Problem description
Line by line, repeat the data below exactly, beginning at the first line and ending at the line with "Solución ATX profesional". Omit pictures.

Records from a data collection:
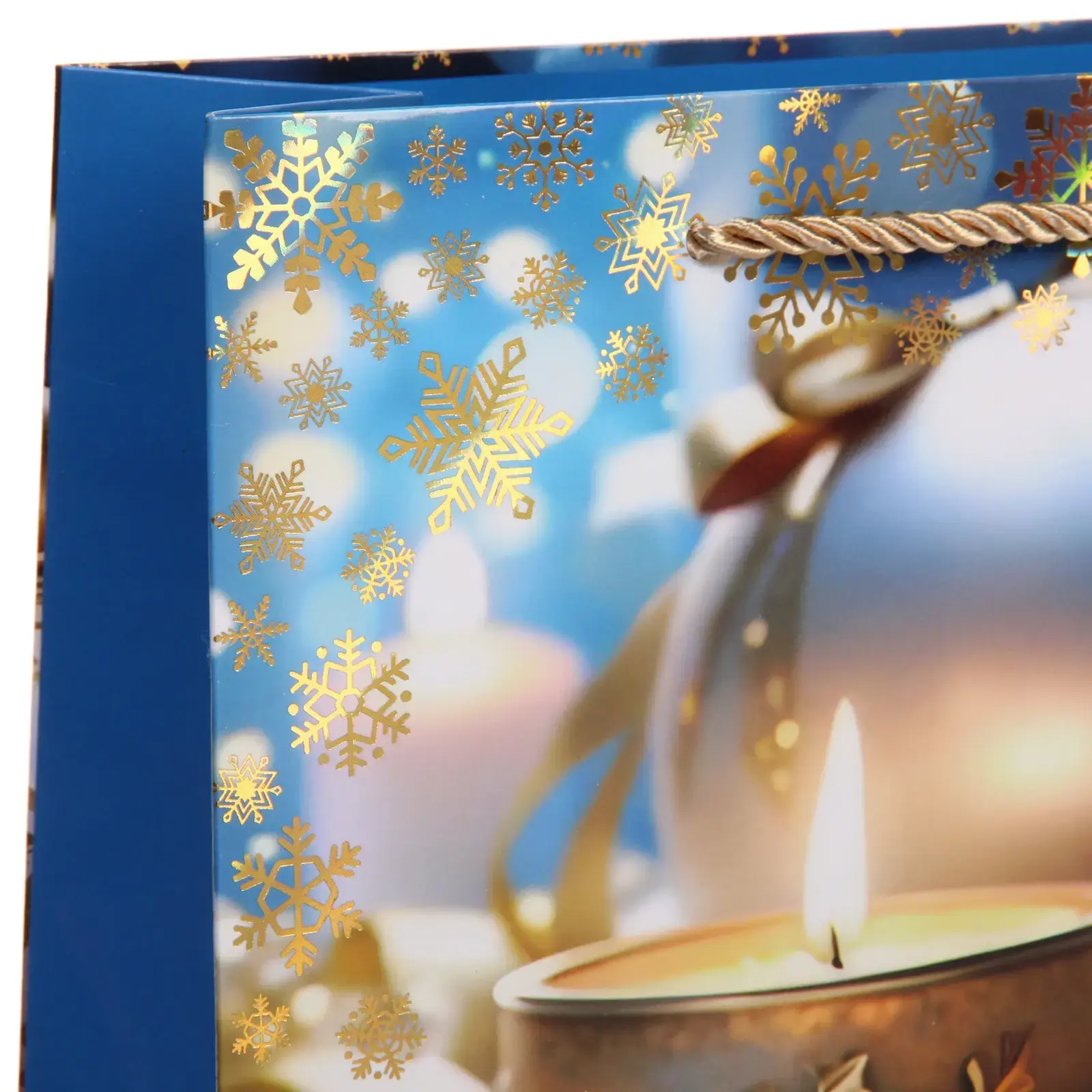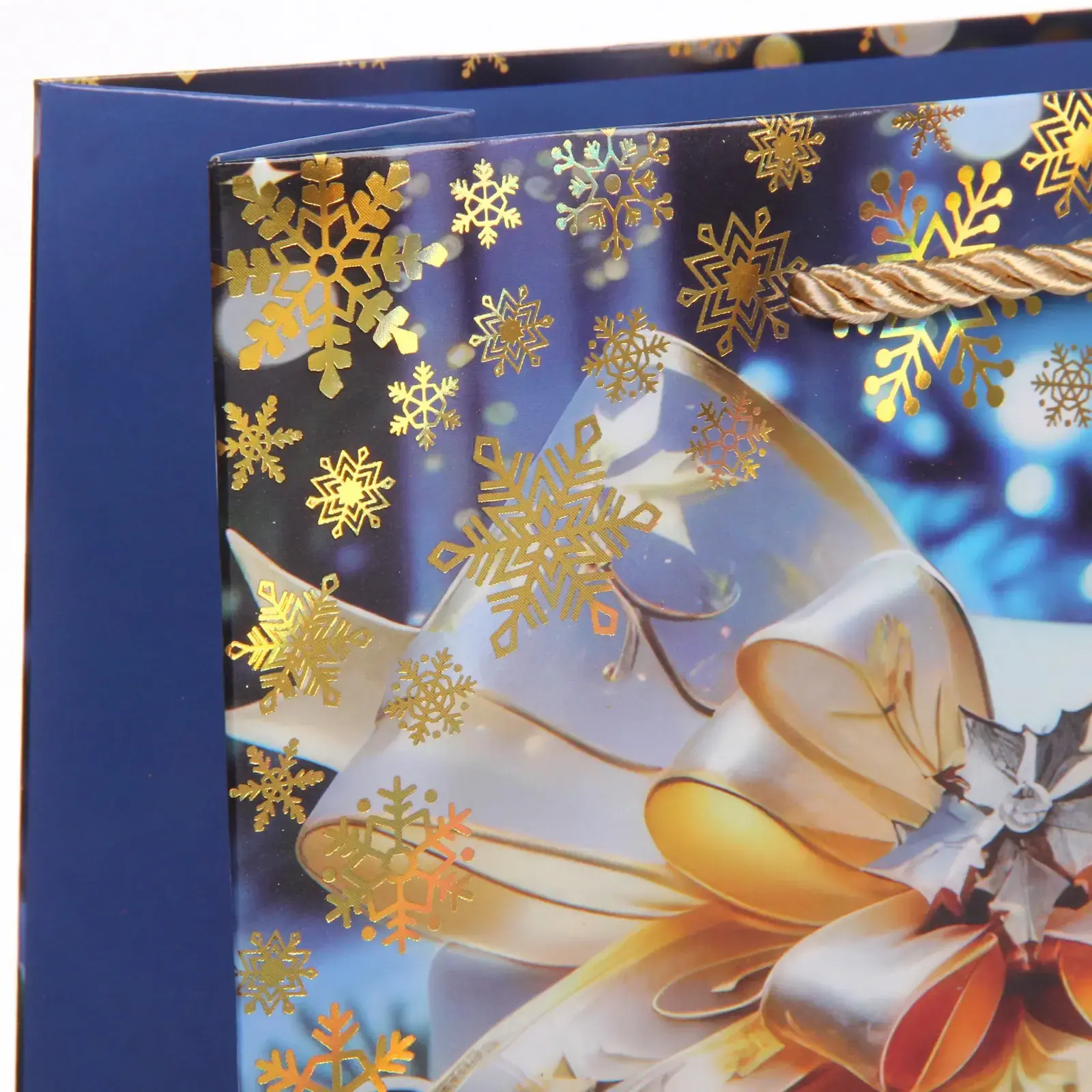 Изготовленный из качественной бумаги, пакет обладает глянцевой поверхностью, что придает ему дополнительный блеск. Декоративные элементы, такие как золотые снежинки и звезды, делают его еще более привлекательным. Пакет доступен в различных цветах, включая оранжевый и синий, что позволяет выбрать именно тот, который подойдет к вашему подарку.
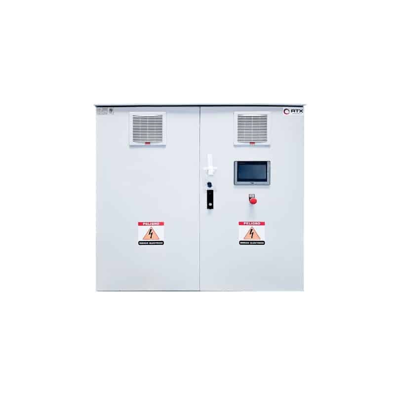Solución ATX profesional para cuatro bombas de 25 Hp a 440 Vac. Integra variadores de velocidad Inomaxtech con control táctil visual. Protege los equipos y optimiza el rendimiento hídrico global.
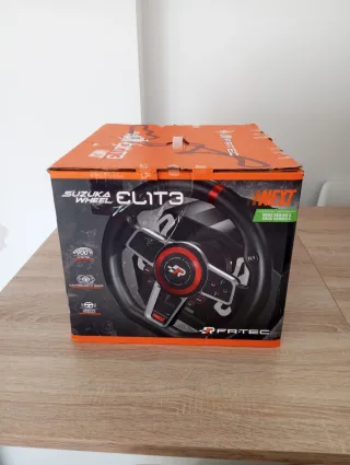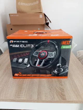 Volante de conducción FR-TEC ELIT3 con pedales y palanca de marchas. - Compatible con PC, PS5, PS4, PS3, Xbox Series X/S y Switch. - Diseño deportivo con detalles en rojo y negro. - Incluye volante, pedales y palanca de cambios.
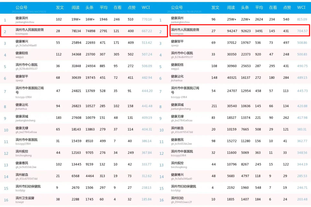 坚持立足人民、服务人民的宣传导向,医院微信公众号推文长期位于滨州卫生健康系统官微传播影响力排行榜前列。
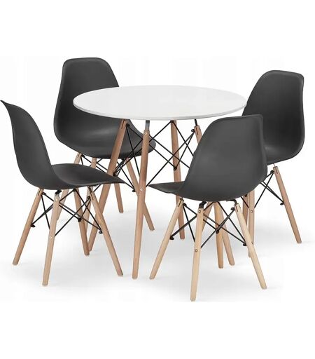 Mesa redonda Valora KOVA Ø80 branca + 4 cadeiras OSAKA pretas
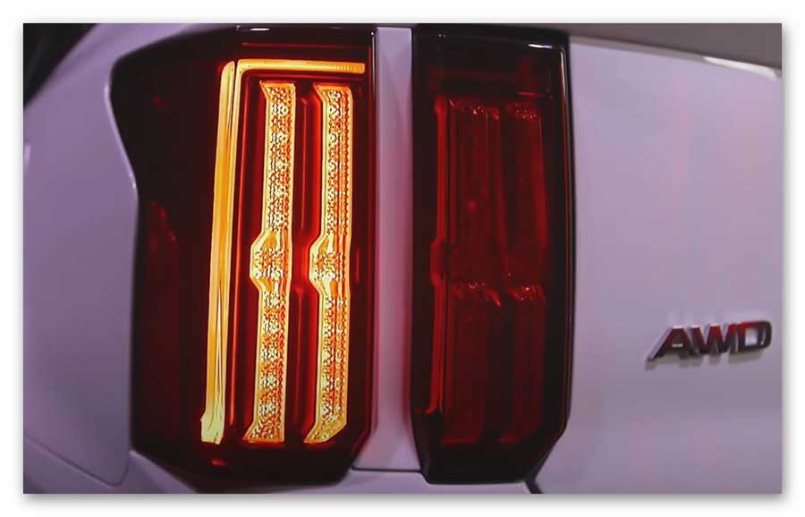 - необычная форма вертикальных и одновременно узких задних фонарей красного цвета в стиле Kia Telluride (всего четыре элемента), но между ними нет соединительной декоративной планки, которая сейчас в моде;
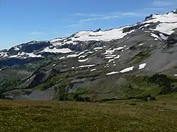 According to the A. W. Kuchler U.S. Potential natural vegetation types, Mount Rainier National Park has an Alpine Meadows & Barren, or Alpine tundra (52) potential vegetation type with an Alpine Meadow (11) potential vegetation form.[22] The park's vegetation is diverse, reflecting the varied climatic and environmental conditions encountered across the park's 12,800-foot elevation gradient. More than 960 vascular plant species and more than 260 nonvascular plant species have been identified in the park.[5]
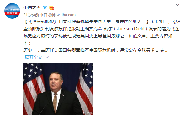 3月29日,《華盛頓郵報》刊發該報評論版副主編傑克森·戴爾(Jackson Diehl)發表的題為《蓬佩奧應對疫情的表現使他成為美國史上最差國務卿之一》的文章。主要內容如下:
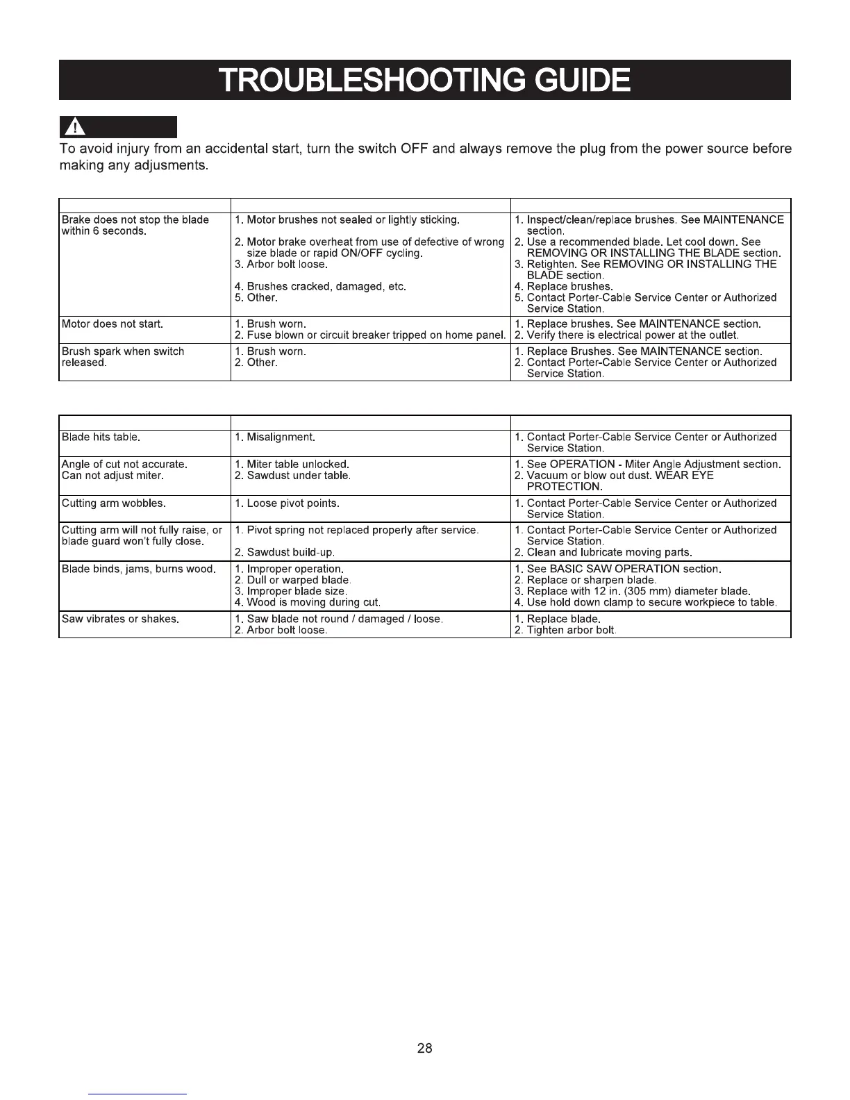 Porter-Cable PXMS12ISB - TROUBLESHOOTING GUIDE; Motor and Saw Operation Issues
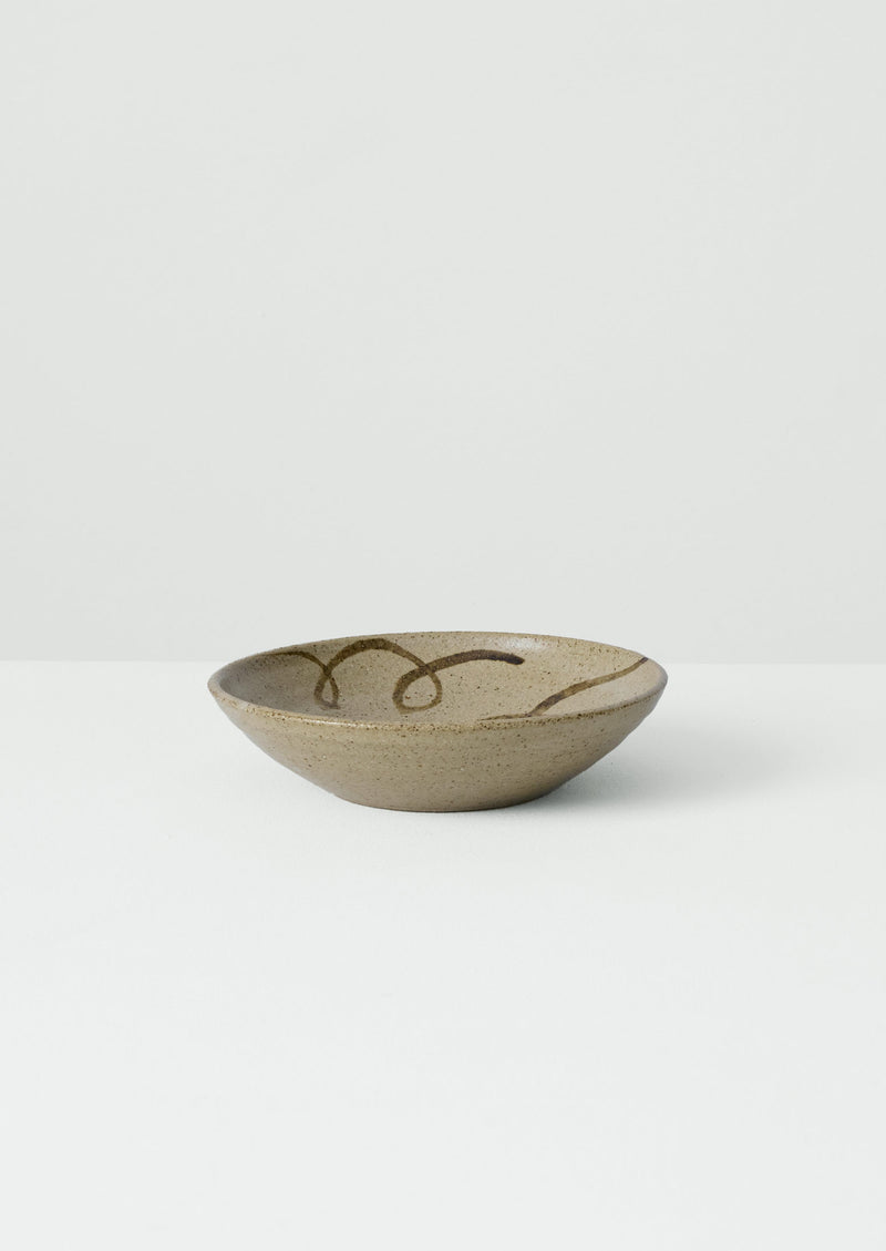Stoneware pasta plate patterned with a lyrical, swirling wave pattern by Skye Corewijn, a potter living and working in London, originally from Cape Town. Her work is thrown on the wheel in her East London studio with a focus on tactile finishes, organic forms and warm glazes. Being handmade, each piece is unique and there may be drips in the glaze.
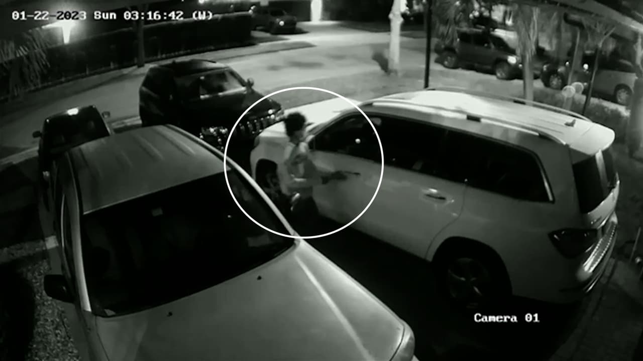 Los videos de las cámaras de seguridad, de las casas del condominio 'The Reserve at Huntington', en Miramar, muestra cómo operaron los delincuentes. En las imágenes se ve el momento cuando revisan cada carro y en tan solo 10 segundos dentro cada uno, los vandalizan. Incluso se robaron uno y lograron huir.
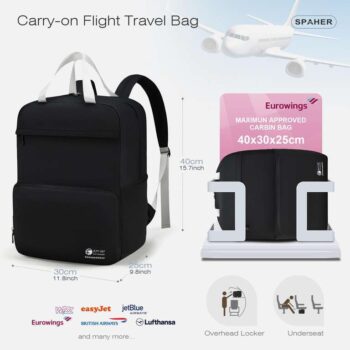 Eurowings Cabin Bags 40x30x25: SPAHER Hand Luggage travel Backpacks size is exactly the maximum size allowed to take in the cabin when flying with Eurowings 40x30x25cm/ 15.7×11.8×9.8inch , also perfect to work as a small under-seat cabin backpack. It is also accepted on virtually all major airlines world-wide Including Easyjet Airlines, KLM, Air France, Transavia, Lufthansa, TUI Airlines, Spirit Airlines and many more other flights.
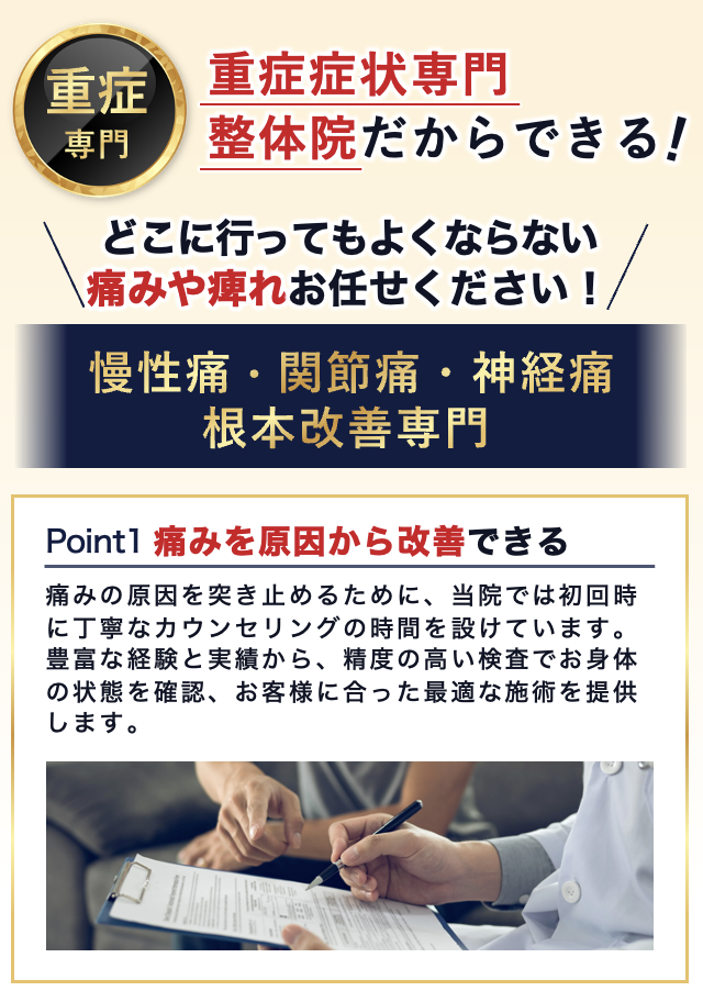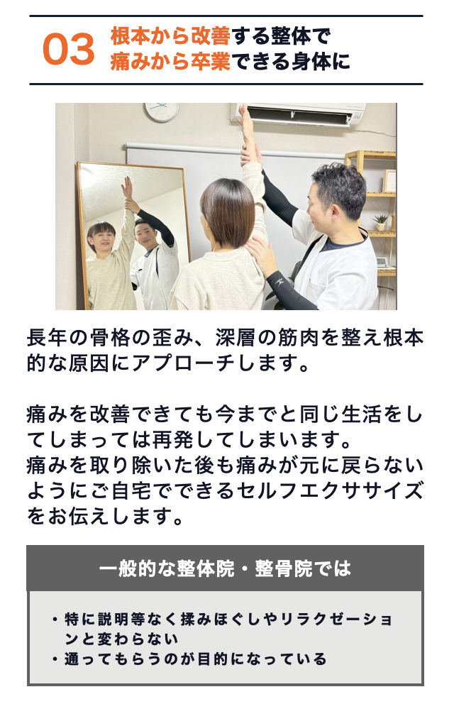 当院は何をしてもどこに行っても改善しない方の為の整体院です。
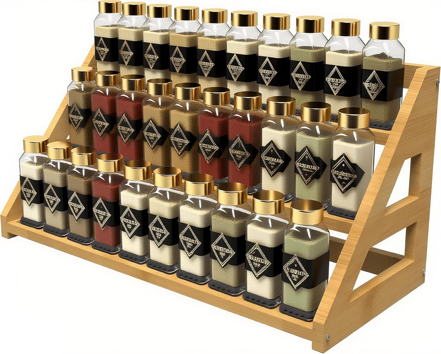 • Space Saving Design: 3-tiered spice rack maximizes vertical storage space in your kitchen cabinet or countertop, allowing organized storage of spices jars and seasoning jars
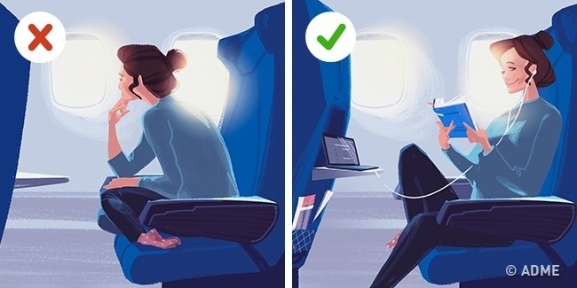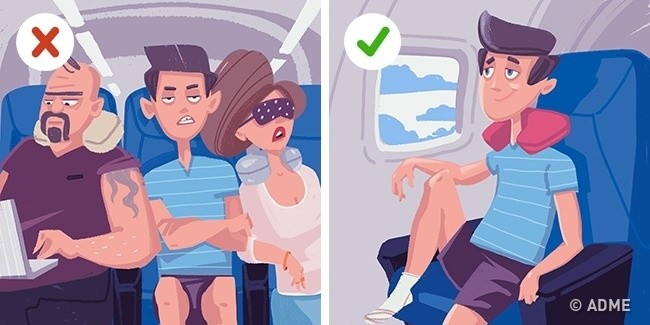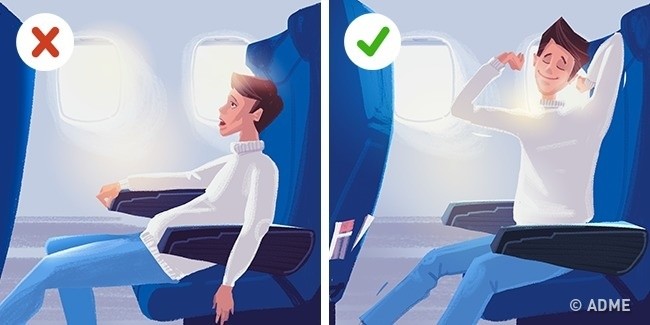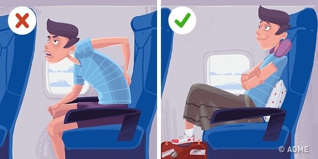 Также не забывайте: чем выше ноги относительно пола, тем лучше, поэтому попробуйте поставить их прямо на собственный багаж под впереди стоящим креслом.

Solution to this problem
 Изготовленный из качественной бумаги, пакет обладает глянцевой поверхностью, что придает ему дополнительный блеск. Декоративные элементы, такие как золотые снежинки и звезды, делают его еще более привлекательным. Пакет доступен в различных цветах, включая оранжевый и синий, что позволяет выбрать именно тот, который подойдет к вашему подарку.
Solución ATX profesional para cuatro bombas de 25 Hp a 440 Vac. Integra variadores de velocidad Inomaxtech con control táctil visual. Protege los equipos y optimiza el rendimiento hídrico global.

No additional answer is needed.